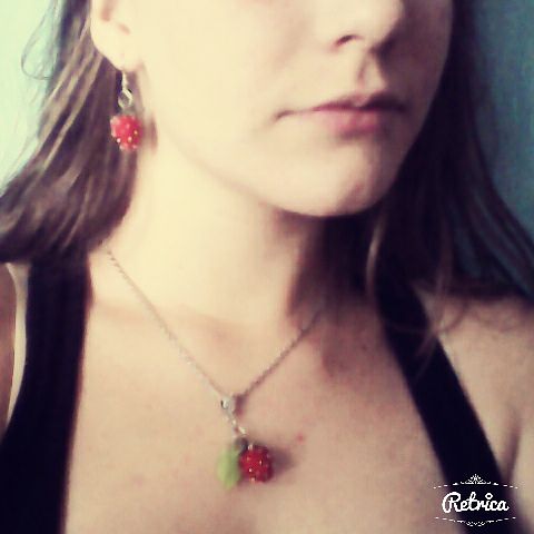 валяные украшения - брошь с клубничками и комплект - сережки и подвеска!!!
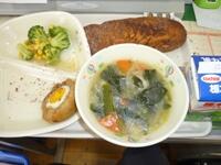 ココア揚げパン、牛乳、スコッチエッグ、ケチャップ、ブロッコリーサラダ、エビボールスープ です。
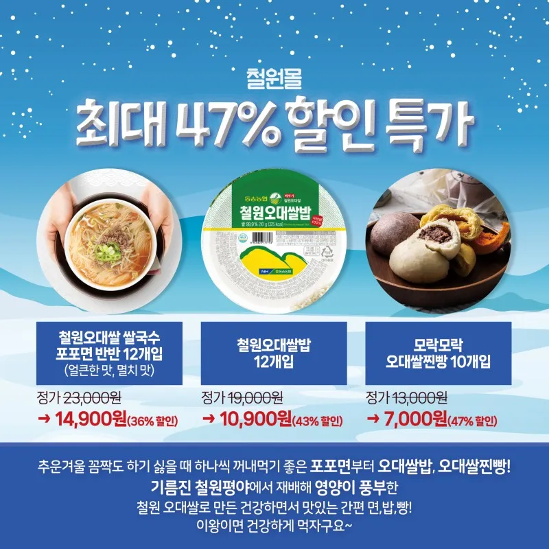 #철원오대쌀밥 #철원오대쌀국수 #오대쌀찐빵 #라이브커머스 #할인전 #할인판매전
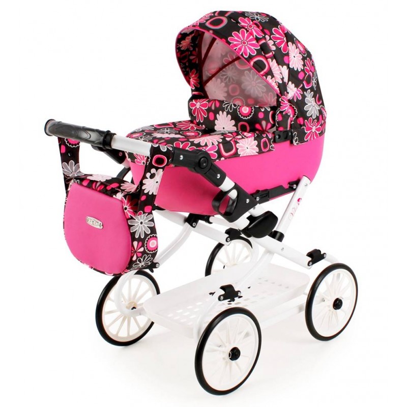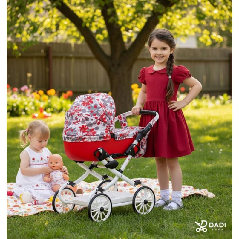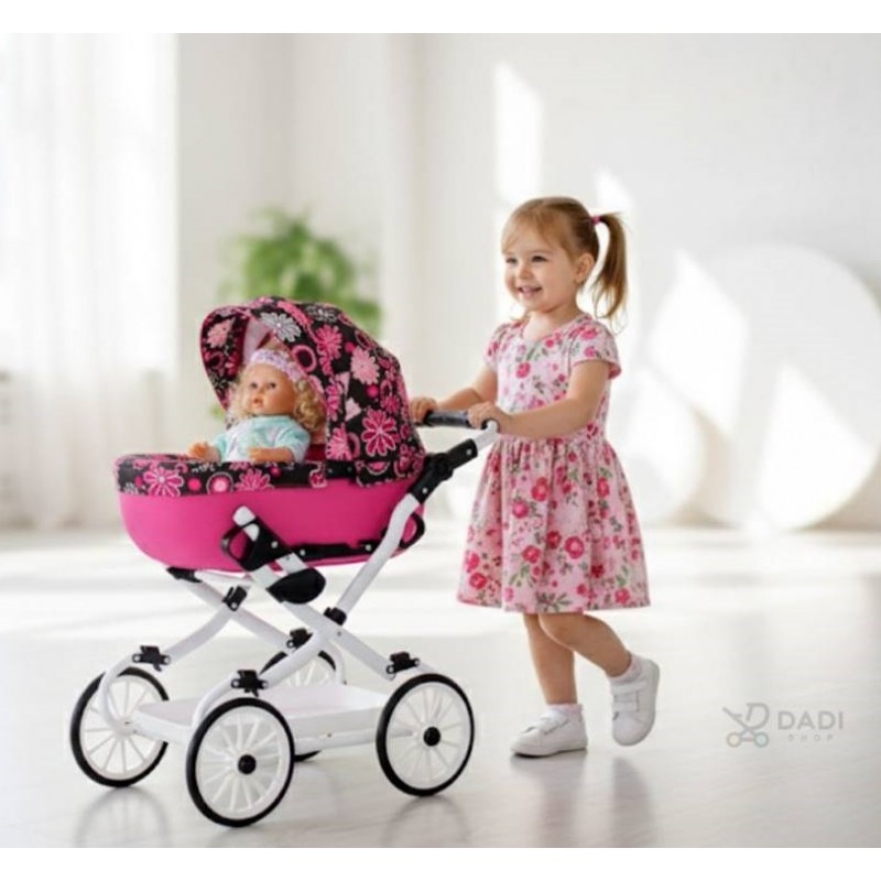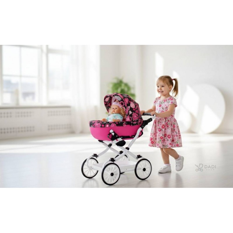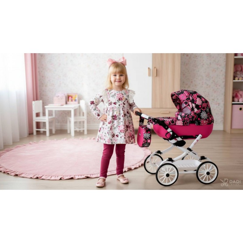 Ten uroczy wózek dla lalek w odcieniach różu, czerni i popielu, z eleganckim wykończeniem, przyciąga wzrok i daje frajdę podczas zabawy. Gondola zdobiona jest delikatnym wzorem kwiatuszków, a jej dół obszyty elegancką ekoskórą, co dodaje całości uroku i subtelnej elegancji. Idealnie sprawdza się zarówno w domu, jak i na świeżym powietrzu.

### Your goal:
Print the lines from the line containing "#철원오대쌀밥 #철원오대쌀국수 #오대쌀찐빵 #라이브커머스 #할인전 #할인판매전" through the last line of the listing, exactly as they stand, and leave any pictures out.

### Result:
 #철원오대쌀밥 #철원오대쌀국수 #오대쌀찐빵 #라이브커머스 #할인전 #할인판매전
 Ten uroczy wózek dla lalek w odcieniach różu, czerni i popielu, z eleganckim wykończeniem, przyciąga wzrok i daje frajdę podczas zabawy. Gondola zdobiona jest delikatnym wzorem kwiatuszków, a jej dół obszyty elegancką ekoskórą, co dodaje całości uroku i subtelnej elegancji. Idealnie sprawdza się zarówno w domu, jak i na świeżym powietrzu.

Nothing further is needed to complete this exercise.